Influencer marketing in B2B = maybe more powerful than AI?
Jessica Gilmartin’s preso on Influencer Marketing opened many eyes among the tech CMOs that she and I brought together.
Including mine.
Here’s what she shared (with some of my commentary weaved in):
Context
Jess advises a B2B company that drives ~ 60% of their revenue through influencer-driven campaigns on TikTok and Instagram (yes, B2B, not B2C, that is not a typo). Now, their product is demo-friendly.
Key finding
Influencer Marketing is still way underutilized in B2B Marketing.
It can yield high impact and high ROI if you ID the right creators, set the right terms, and accept to let go of control.
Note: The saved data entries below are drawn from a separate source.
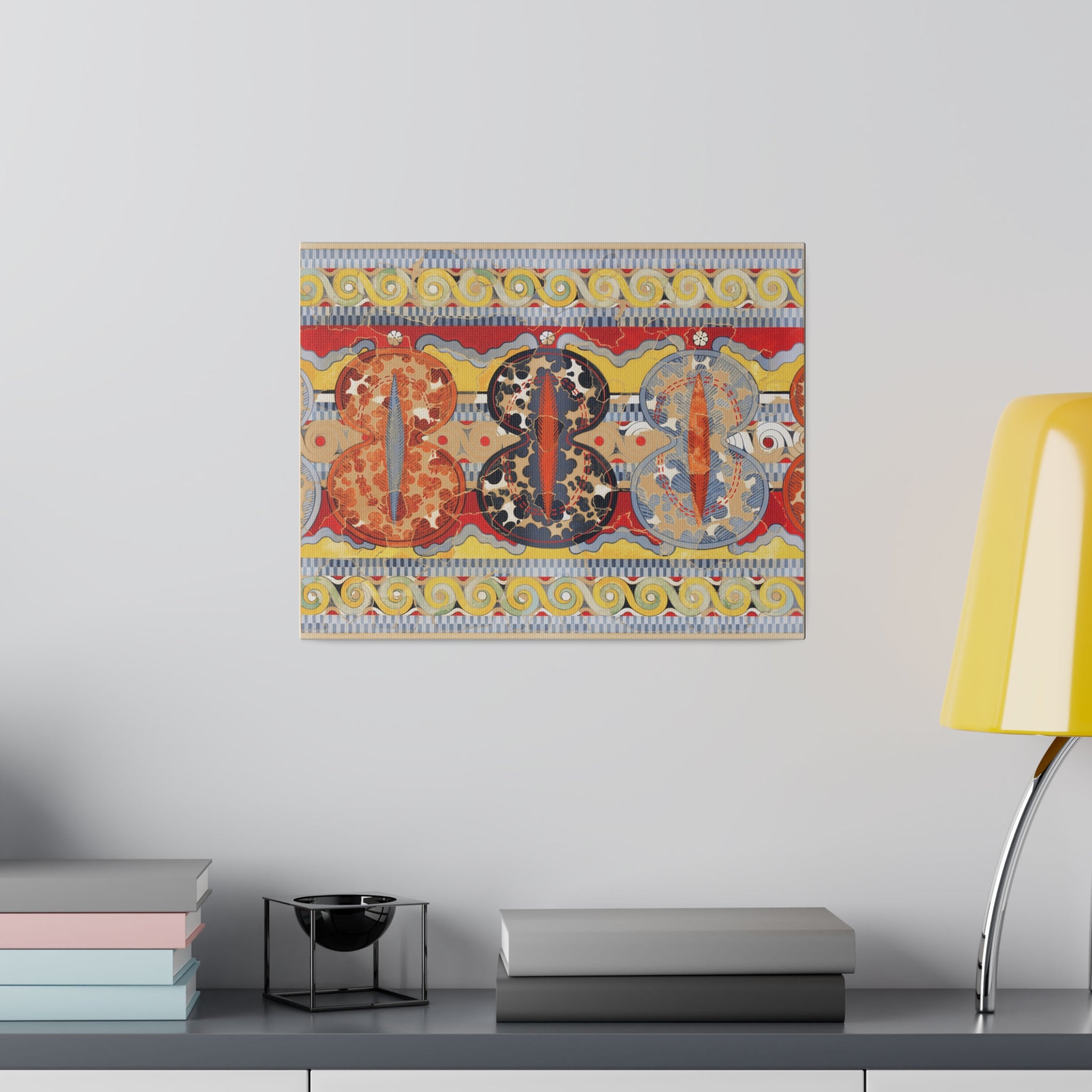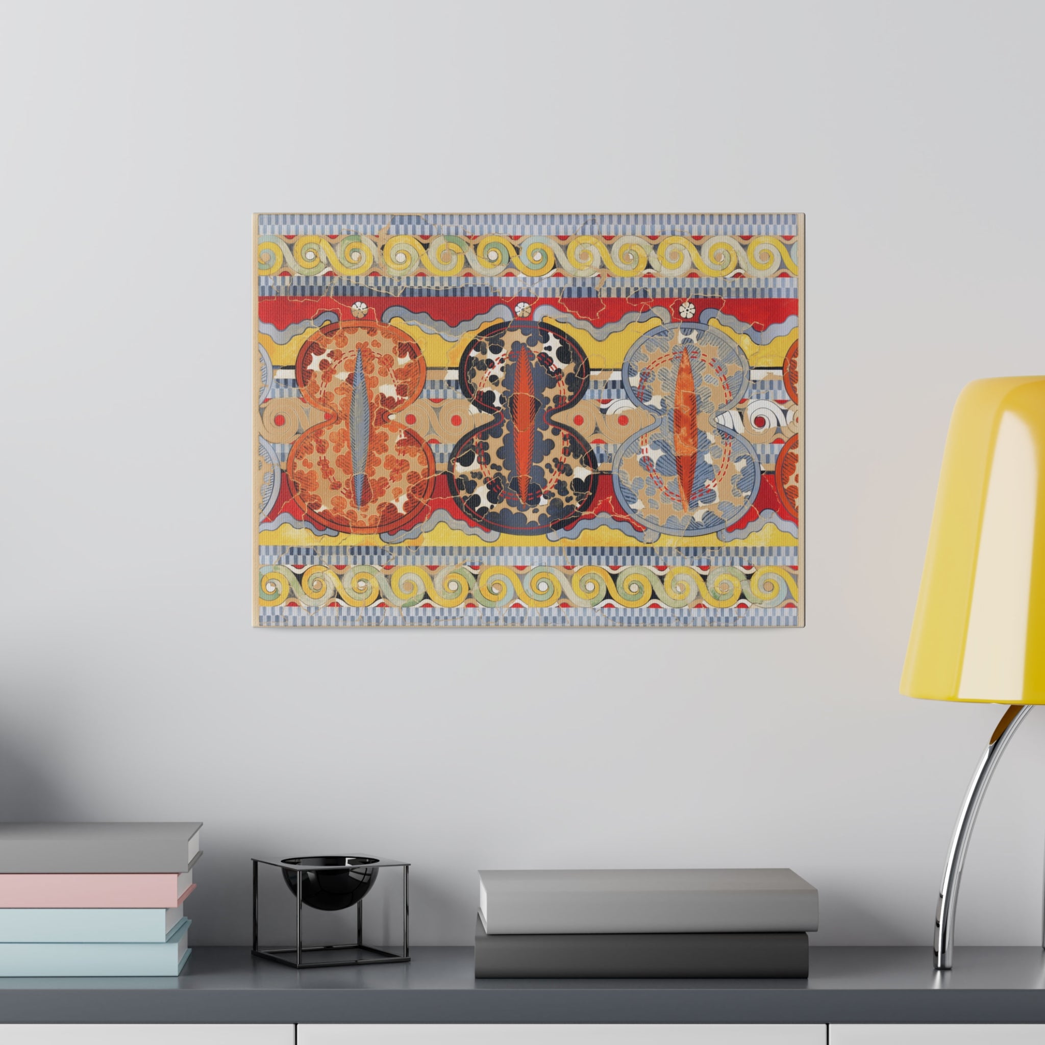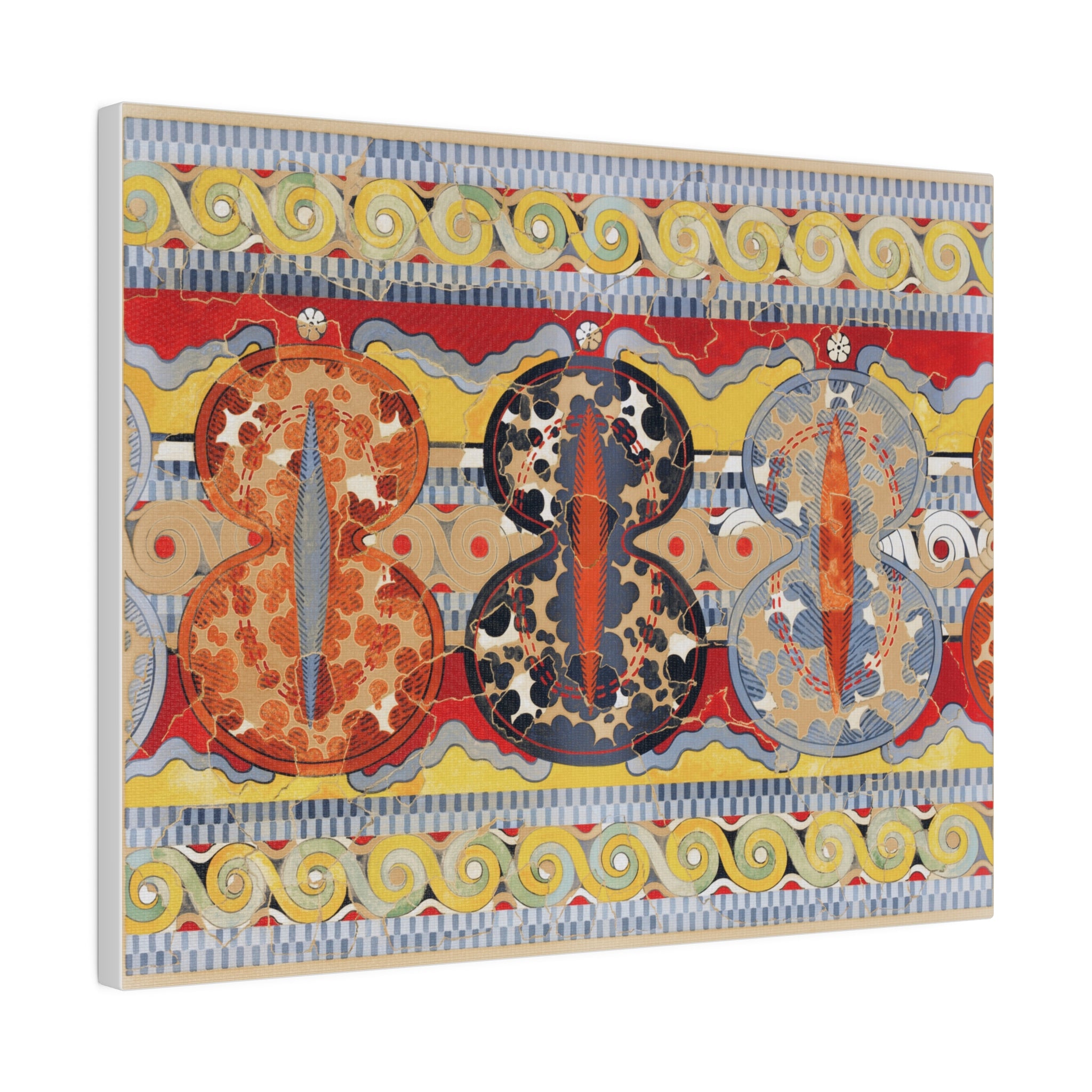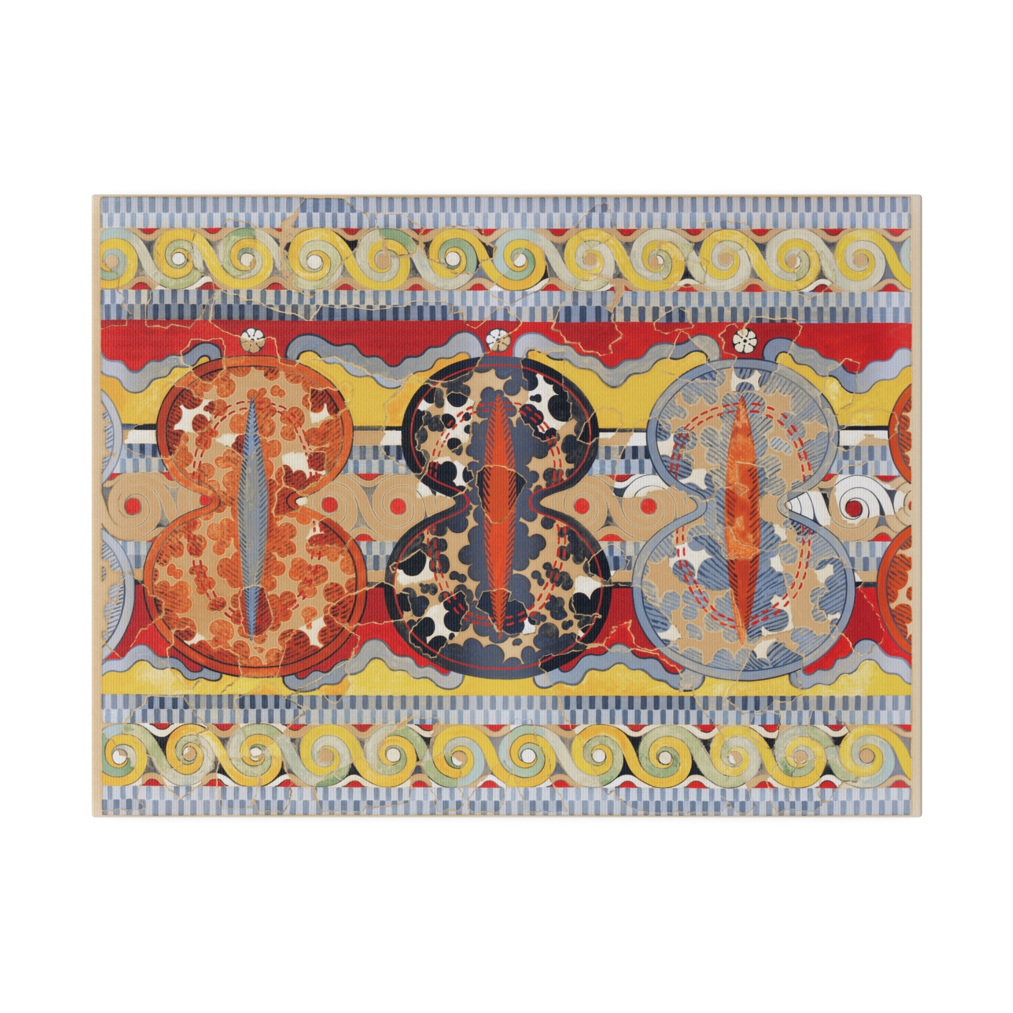 Artwork designed and digitally remastered by Sarasvati Designs. “Reproduction of the Shield Frieze” is a watercolor painting, a reproduction of a Mycenaean fresco, on paper by Emile Gilliéron.
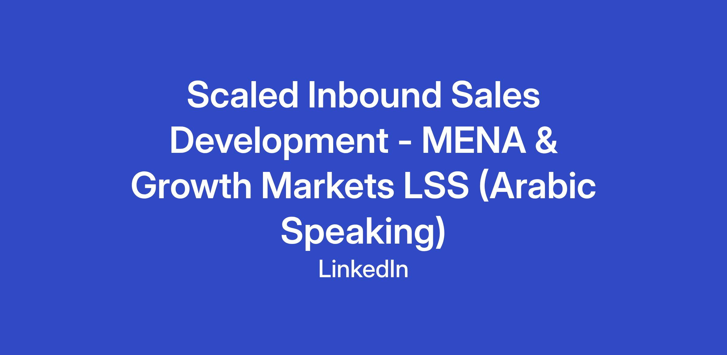 Scaled Inbound Sales Development - MENA & Growth Markets LSS (Arabic Speaking)
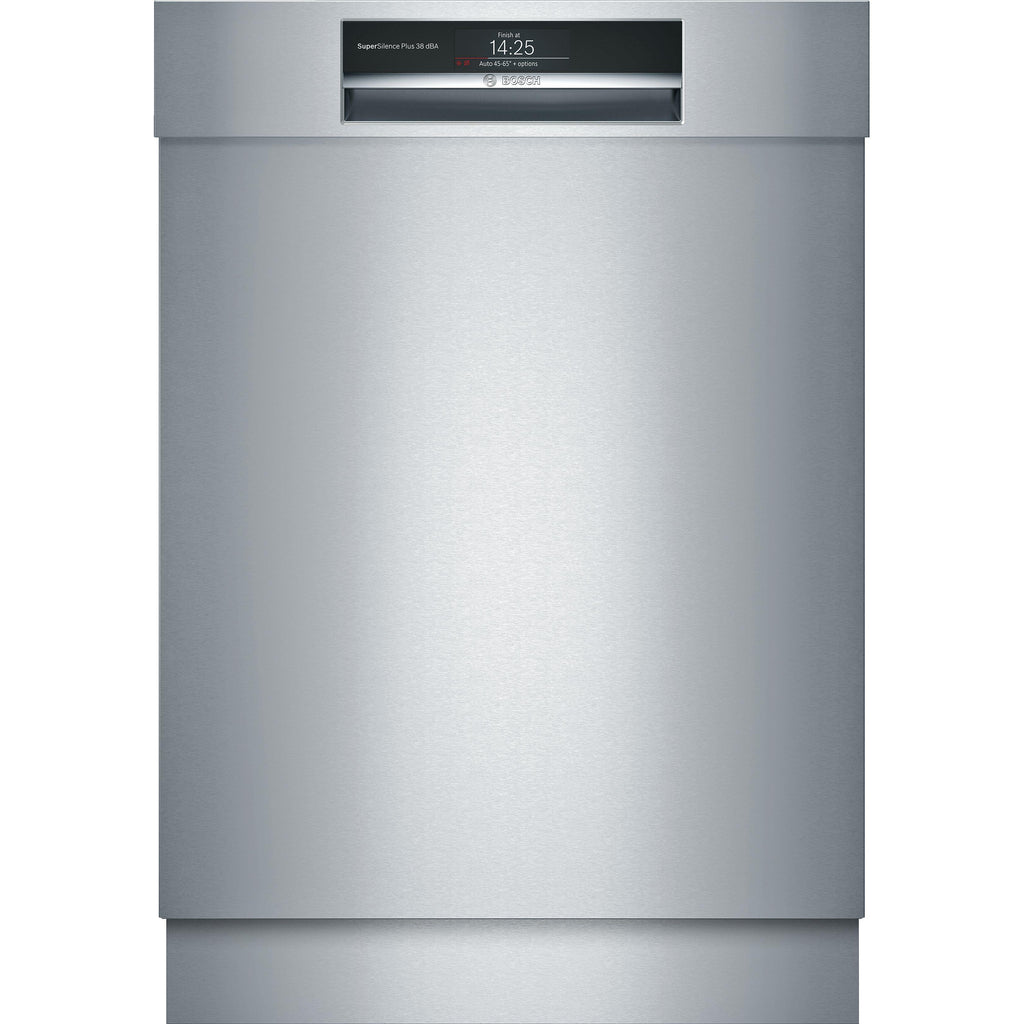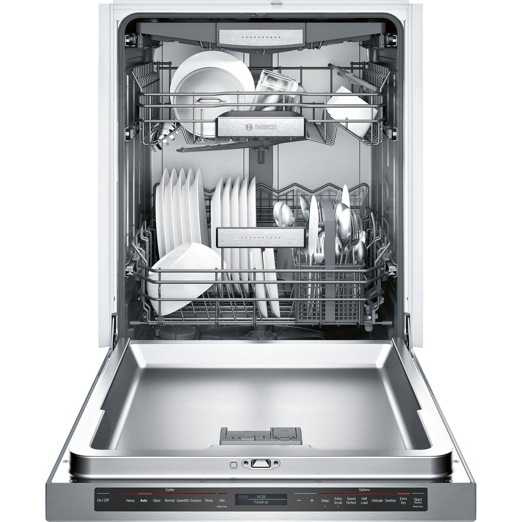 ×This Bosch Benchmark Series 24" dishwasher features RackMatic® on upper rack, 3 level EasyGlide™ rack system and can fit up to 15 place settings. The full color TFT display is easy to read and easy to navigate.

Here are some of their top strategies:
For Instagram and TikTok: Go for broad awareness, not narrow “Ideal Customer Profile” (ICP) targeting
If you ask influencers to create content that’s narrowly focused on your ICP, it may not be relevant to their large audience. The name of the game is virality and shareability so let influencers make content that has wide appeal to their audiences, in their style (the reason why their followers like them) so it hits more feeds. Trust the algos to then find your ICP.
Finding the right B2B influencers is still manual work, but worth it
It takes dozens of hours to find good influencers - there are no quick shortcuts here.
Create a fresh account, search relevant keywords, and train the algorithm by liking relevant creators so you keep finding similar ones.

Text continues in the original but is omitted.